Mit Beschwerdevorentscheidung vom 31.01.2019 wurde die Beschwerde des Bf als unbegründet abgewiesen und dazu folgendes ausgeführt:
Da zwischen dem 18.05.2012 und dem 31.07.2018 der Fristenlauf gem. § 238 Abs. 3 lit. B BAO aufgrund der Aussetzung der Einhebung gem. § 212a BAO in ihrem Lauf gehemmt war, bedurfte es zur Vermeidung der sog. Einhebungsverjährung keiner nach außen gerichteten Amtshandlung… .
Die gesamte Schuldentilgung betrug in den Monaten Februar 2009 - April 2009 incl. Der Rückstände an das Finanzamt Salzburg - Land durchschnittlich 32,5%. Zumindest dieser prozentuelle Anteil hätte auch von den zum Insolvenzstichtag offenen Abgabenrückständen getilgt werden müssen um eine Gleichbehandlung sicherstellen zu können. Die tatsächlich entrichtete Summe iHv. € 13.058,88 wurde bei der Berechnung der Haftung zugunsten des Haftungspflichtigen weiterhin haftungsmindernd berücksichtigt. Für die im Haftungsbetrag enthaltenen Lohnsteuern war der Gleichbehandlungsgrundsatz nach ständiger Rsp. Des VwGH hingegen nicht zur Anwendung zu bringen… .
Das Krankheitsbild von Bf (Multiple Sklerose), welches aus dem Befundbericht vom 29.04.2011 hervorgeht, lässt nicht erkennen, dass er bis Mitte 2009 die Fa. X. GmbH nicht hätte führen können. Es ist dort weder von einer kognitiven noch psychischen Beeinträchtigung die Rede, ausschließlich körperliche Symptome werden angeführt. Diese Einschätzung bestätigt der Herr Z. auch in seiner (schriftlichen) Zeugenaussage vom 04.04.2012… .
…Über die Verwendung des Abstattungskredites iHv. rd. € 250.000,-- dessen Aufnahme zum vermeintlichen Zweck der Tilgung von Finanzamts- bzw. GKK Verbindlichkeiten auch der Zeuge Z. bestätigte, konnte das Verfahren keine Klärung bringen… .

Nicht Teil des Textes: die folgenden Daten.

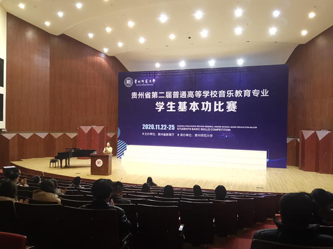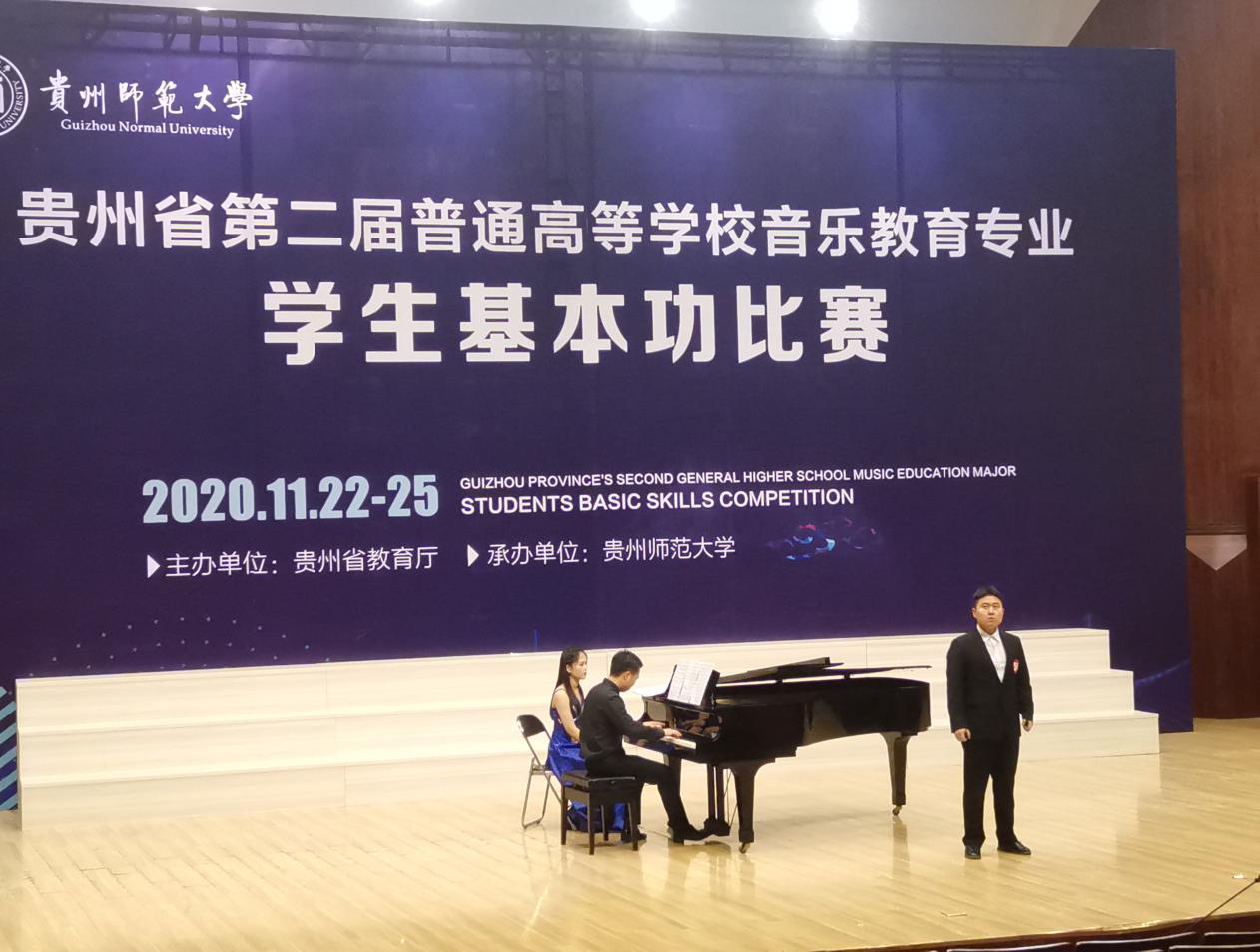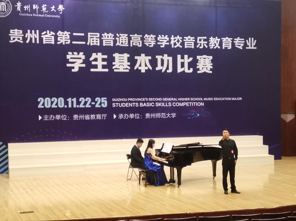 2020年11月23至25日,由省教育厅主办的贵州省“第二届普通高等公司音乐教育专业员工基本功比赛”在贵州师范大学国际音乐厅举行。全省共25个代表队、70多名员工参加了此次比赛。代表williamhill英国官网参赛的是公司2017级音乐学的三位员工:王超权、姚茂、范玲玲。此次比赛由键盘系主任伍星老师领队,键盘系章晓丰老师随同前往比赛现场协助工作。

Am 06.02.2019 stellte der Bf den Antrag die Beschwerde dem Bundesfinanzgericht zur Entscheidung vorzulegen und beantragte gleichzeitig die Durchführung einer mündlichen Verhandlung vor dem gesamten Senat (Vorlageantrag).
Zur Begründung brachte er vor:
Wie bereits mehrfach ausgeführt, handelt sich bei den Angaben von Z. um reine Schutzbehauptungen. Auch das Landesgericht Salzburg ist nicht von den Angaben von Herrn Z. ausgegangen und wurde dieser nach den §§ 133 Abs. 1 und 2, 146, 147 Abs. 2 und 153c StGB verurteilt. Im Gegenzug wurde der Beschwerdeführer von den gegen ihn erhobenen Anschuldigungen (nur § 153c StGB) freigesprochen. Bereits im Jahr 2012 wurden die Kreditverträge bezüglich Kredite bei der Raiffeisenbank Kuchl vorgelegt und hat der Beschwerdeführer im Jahr 2009 Kredite im Ausmaß von € 252.000,- aufgenommen. Die Kredite sind dem Beschwerdeführer deshalb gewährt worden, da er seine Liegenschaften verpfändet hat. Die in den Krediten angeführte persönliche Haftung von Herrn Z. war wertlos und ist bis heute wertlos geblieben, zumal Herr Z. ein privates Schuldenregulierungsverfahren eingeleitet hat. Ohne die Verpfändung der Liegenschaften des Beschwerdeführers hätte die Raika Kuchl niemals die Kredite in dieser Höhe gewährt. Diesbezüglich wurde dem verbliebenen Geschäftsführer vom Beschwerdeführer der Auftrag und die Weisung erteilt, von dieser Kreditsumme die aushaftenden Verbindlichkeiten bei der Gebietskrankenkasse und beim Finanzamt zu bezahlen, wobei offensichtlich Z. nur Teilbeträge für diesen Zweck verwendet hat. Jedenfalls wurde aber ein Teilbetrag am 24. Juni 2009 über € 50.000,-- an das Finanzamt Salzburg-Land zu obiger Steuernummer überwiesen. Dieser Geldbetrag stammt aus dem von Herrn Bf aufgenommenen Kredit, für welchen er nach wie vor Rückzahlungen leisten muss. Bereits daraus ist ersichtlich, dass das Finanzamt damals im relevanten Zeitraum bevorzugt wurde. Dass der Beschwerdeführer darüber hinaus nunmehr nochmals in die Haftung als ehemaliger Geschäftsführer genommen wird, entbehrt daher jeglicher Grundlage.
Ebenso liegt kein Verschulden des Beschwerdeführers vor. Hinsichtlich der umgewidmeten Zahlung von € 50.000,-- am 24. Juni 2009 ist jedenfalls davon auszugehen, dass damit vorrangig die aushaftenden Verbindlichkeiten für den Zeitraum Jänner bis April 2009 entrichtet werden sollten. Die Zahlung der € 50.000,- ist auf die beschwerlichste Schuld anzurechnen. Für eine nochmalige Entrichtung durch den Beschwerdeführer gibt es keine Rechtsgrundlage… .

Mit Schriftsatz vom 27.03.2019 zog der Bf den Antrag auf Durchführung der mündlichen Verhandlung vor dem gesamten Senat zurück.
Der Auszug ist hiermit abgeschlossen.